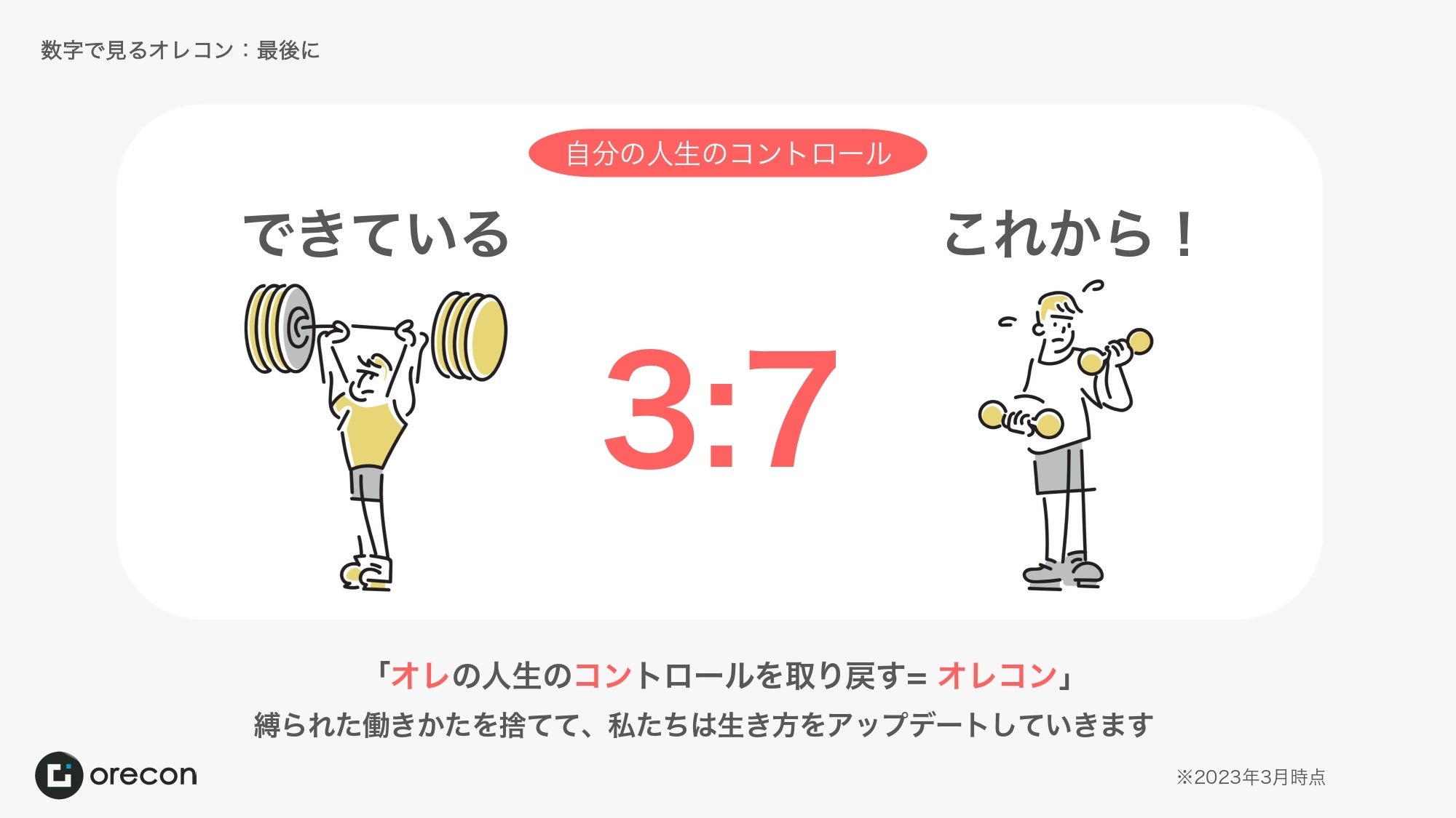 オレコンの社名の由来は、「オレの人生のコントロールを取り戻す」という想いから来ています。
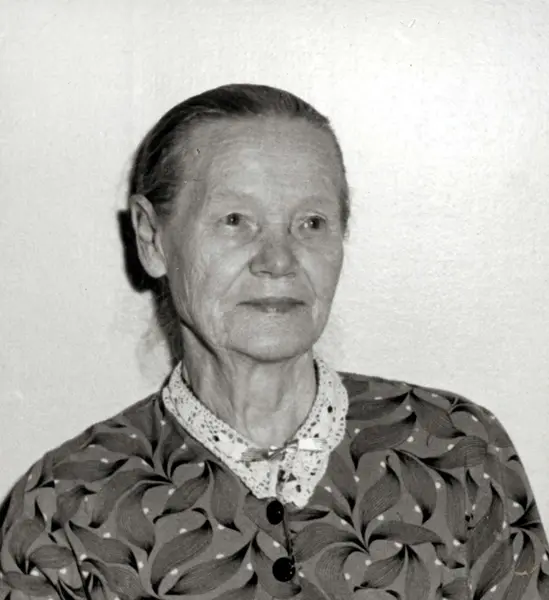 Personalalbum fra Christiania Seildugsfabrik, påbegynt i 1956. Portrett av Pauline Johansen, linveveriet. Født 01.05.1874. Ansatt 1914. Pensj. 1940.
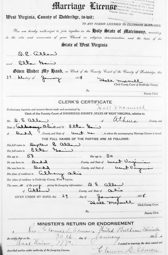 Sources: (1) 1900 Census, Doddridge County, WV (Grant District) (2) WV State Dept of Health, Div of Vital Statistics, Death Certificate (http://www.wvculture.org/vrr/va_dcsearch.aspx) (3) Headstone. (4) Doddridge County WV Marriages 1845-1937, Wes Cochran, 156 Gihon Meadows, Apt 150, Parkersburg, WV 26101 (Jan 1993) (5) Cemeteries of Tenmile District, Harrison County, WV, Harrison County Genealogical Society, Clarksburg, WV (1989, revised 1995) (6) 1910 Census, Doddridge County, WV (Grant District). (7) 1920 Census, Doddridge County, WV (West Union District). (8) Doddridge County Marriage Records, West Union, WV, MR Bk 7, p. 441. (9) Doddridge County Marriage Records, West Union, WV, Identified as Cleve Gain (age 21, b. in Doddridge) and Etta Hoskinson, age 20. MR Bk 7, p. 441. (10) Leola Williams Andrews, Jupiter, FL. (11) Doddridge County Death Records, West Union, WV, Identified as Elta (NMI) Allen, 74, widowed, b. Sep 12 1886 in Doddridge Co, dau of R. L. Hoskinson & Rebecca Vincent; died Dec 17 1960 in West Union, burial at IOOF Cemetery in Salem. Informant: Burlin Gain, Morgansville W.Va. (Note: Wes Cochran's "Doddridge County WV Deaths 1853-1969," p. 14, incorrectly reports death date as Dec 20 1960.), DR p. 4-A. (12) Doddridge County Death Records, West Union, WV. (13) Death record of husband. (14) Doddridge County Birth Records, West Union, WV, BR Bk 4, p. 65. (15) Social Security Death Index. (16) Obituary. (17) Social Security Death Index, Social Security card issued in Pennsylvania before 1951. (18) National Cemetery Administration. Nationwide Gravesite Locator, U.S. Veterans Gravesites (www.ancestry.com) (19) Obituary of husband. (20) Headstone (year only) (21) West Union WV Cemeteries (Doddridge County), Wes Cochran, 2515 10th Ave, Parkersburg, WV 26101 (July 1990) (22) Social Security Death Index, Social Security card issued in West Virginia before 1951. Name Index

- - - - - - -

### Exercise brief
Where a picture appears, skip it; repeat everything else in the data exactly.

### Expected answer
 オレコンの社名の由来は、「オレの人生のコントロールを取り戻す」という想いから来ています。
 Personalalbum fra Christiania Seildugsfabrik, påbegynt i 1956. Portrett av Pauline Johansen, linveveriet. Født 01.05.1874. Ansatt 1914. Pensj. 1940.
 Sources: (1) 1900 Census, Doddridge County, WV (Grant District) (2) WV State Dept of Health, Div of Vital Statistics, Death Certificate (http://www.wvculture.org/vrr/va_dcsearch.aspx) (3) Headstone. (4) Doddridge County WV Marriages 1845-1937, Wes Cochran, 156 Gihon Meadows, Apt 150, Parkersburg, WV 26101 (Jan 1993) (5) Cemeteries of Tenmile District, Harrison County, WV, Harrison County Genealogical Society, Clarksburg, WV (1989, revised 1995) (6) 1910 Census, Doddridge County, WV (Grant District). (7) 1920 Census, Doddridge County, WV (West Union District). (8) Doddridge County Marriage Records, West Union, WV, MR Bk 7, p. 441. (9) Doddridge County Marriage Records, West Union, WV, Identified as Cleve Gain (age 21, b. in Doddridge) and Etta Hoskinson, age 20. MR Bk 7, p. 441. (10) Leola Williams Andrews, Jupiter, FL. (11) Doddridge County Death Records, West Union, WV, Identified as Elta (NMI) Allen, 74, widowed, b. Sep 12 1886 in Doddridge Co, dau of R. L. Hoskinson & Rebecca Vincent; died Dec 17 1960 in West Union, burial at IOOF Cemetery in Salem. Informant: Burlin Gain, Morgansville W.Va. (Note: Wes Cochran's "Doddridge County WV Deaths 1853-1969," p. 14, incorrectly reports death date as Dec 20 1960.), DR p. 4-A. (12) Doddridge County Death Records, West Union, WV. (13) Death record of husband. (14) Doddridge County Birth Records, West Union, WV, BR Bk 4, p. 65. (15) Social Security Death Index. (16) Obituary. (17) Social Security Death Index, Social Security card issued in Pennsylvania before 1951. (18) National Cemetery Administration. Nationwide Gravesite Locator, U.S. Veterans Gravesites (www.ancestry.com) (19) Obituary of husband. (20) Headstone (year only) (21) West Union WV Cemeteries (Doddridge County), Wes Cochran, 2515 10th Ave, Parkersburg, WV 26101 (July 1990) (22) Social Security Death Index, Social Security card issued in West Virginia before 1951. Name Index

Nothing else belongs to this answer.